===== EXTRACTED INFORMATION
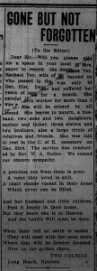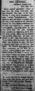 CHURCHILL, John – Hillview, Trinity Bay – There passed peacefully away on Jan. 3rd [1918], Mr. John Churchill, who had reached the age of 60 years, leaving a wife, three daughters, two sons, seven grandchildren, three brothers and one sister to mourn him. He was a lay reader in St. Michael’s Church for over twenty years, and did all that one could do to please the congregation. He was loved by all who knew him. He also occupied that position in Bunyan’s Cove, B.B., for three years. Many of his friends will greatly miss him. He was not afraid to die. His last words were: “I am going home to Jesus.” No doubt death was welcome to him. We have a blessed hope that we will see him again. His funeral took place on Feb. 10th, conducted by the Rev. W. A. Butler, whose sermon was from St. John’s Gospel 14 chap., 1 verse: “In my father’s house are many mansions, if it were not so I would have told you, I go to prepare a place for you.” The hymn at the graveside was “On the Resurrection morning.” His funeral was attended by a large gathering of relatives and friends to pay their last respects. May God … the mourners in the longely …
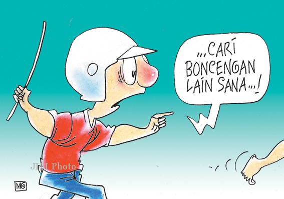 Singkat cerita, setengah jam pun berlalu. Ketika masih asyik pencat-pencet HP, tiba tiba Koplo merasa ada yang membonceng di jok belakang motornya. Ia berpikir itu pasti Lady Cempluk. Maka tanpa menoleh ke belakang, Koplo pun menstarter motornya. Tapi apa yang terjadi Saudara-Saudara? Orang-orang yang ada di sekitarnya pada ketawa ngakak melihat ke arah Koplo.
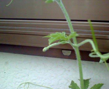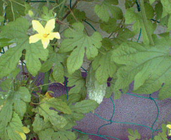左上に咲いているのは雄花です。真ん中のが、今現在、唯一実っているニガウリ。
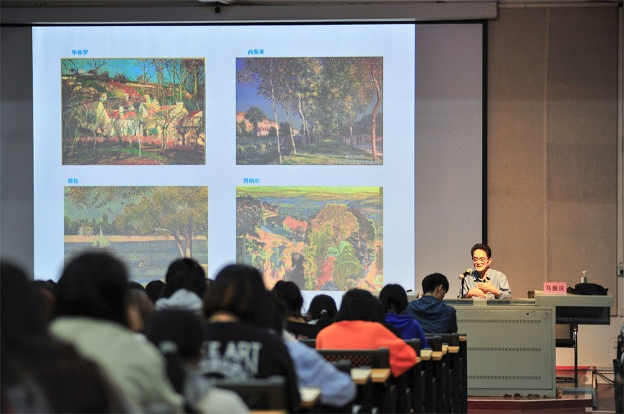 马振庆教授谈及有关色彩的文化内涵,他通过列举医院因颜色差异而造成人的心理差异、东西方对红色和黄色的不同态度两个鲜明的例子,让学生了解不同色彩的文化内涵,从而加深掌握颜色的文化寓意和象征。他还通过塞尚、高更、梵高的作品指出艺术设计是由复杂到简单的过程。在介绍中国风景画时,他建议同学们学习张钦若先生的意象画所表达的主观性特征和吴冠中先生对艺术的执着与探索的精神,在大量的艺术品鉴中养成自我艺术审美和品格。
==========
===== EXTRACTED INFORMATION
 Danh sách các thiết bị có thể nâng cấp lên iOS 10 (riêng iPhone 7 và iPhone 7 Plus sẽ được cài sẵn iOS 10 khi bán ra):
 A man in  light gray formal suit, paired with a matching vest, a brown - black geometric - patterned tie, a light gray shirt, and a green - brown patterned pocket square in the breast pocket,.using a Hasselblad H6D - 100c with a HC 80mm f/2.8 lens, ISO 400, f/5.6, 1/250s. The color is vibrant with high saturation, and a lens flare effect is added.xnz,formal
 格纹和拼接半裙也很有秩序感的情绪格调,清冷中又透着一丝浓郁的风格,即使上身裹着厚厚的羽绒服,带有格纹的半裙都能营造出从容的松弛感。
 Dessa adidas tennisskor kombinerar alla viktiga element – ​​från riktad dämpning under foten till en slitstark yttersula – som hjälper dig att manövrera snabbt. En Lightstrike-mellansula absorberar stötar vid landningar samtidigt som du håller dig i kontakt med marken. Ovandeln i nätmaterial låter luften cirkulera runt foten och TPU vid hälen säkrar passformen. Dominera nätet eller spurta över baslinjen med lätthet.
==========
*WHAT THE EXERCISE ASKS*. Please set down, exactly and with no pictures, the lines in the entries above starting at the one holding "左上に咲いているのは雄花です。真ん中のが、今現在、唯一実っているニガウリ。" and ending at the one holding "马振庆教授谈及有关色彩的文化", ends included.

*RESPONSE AREA*.
左上に咲いているのは雄花です。真ん中のが、今現在、唯一実っているニガウリ。
 马振庆教授谈及有关色彩的文化内涵,他通过列举医院因颜色差异而造成人的心理差异、东西方对红色和黄色的不同态度两个鲜明的例子,让学生了解不同色彩的文化内涵,从而加深掌握颜色的文化寓意和象征。他还通过塞尚、高更、梵高的作品指出艺术设计是由复杂到简单的过程。在介绍中国风景画时,他建议同学们学习张钦若先生的意象画所表达的主观性特征和吴冠中先生对艺术的执着与探索的精神,在大量的艺术品鉴中养成自我艺术审美和品格。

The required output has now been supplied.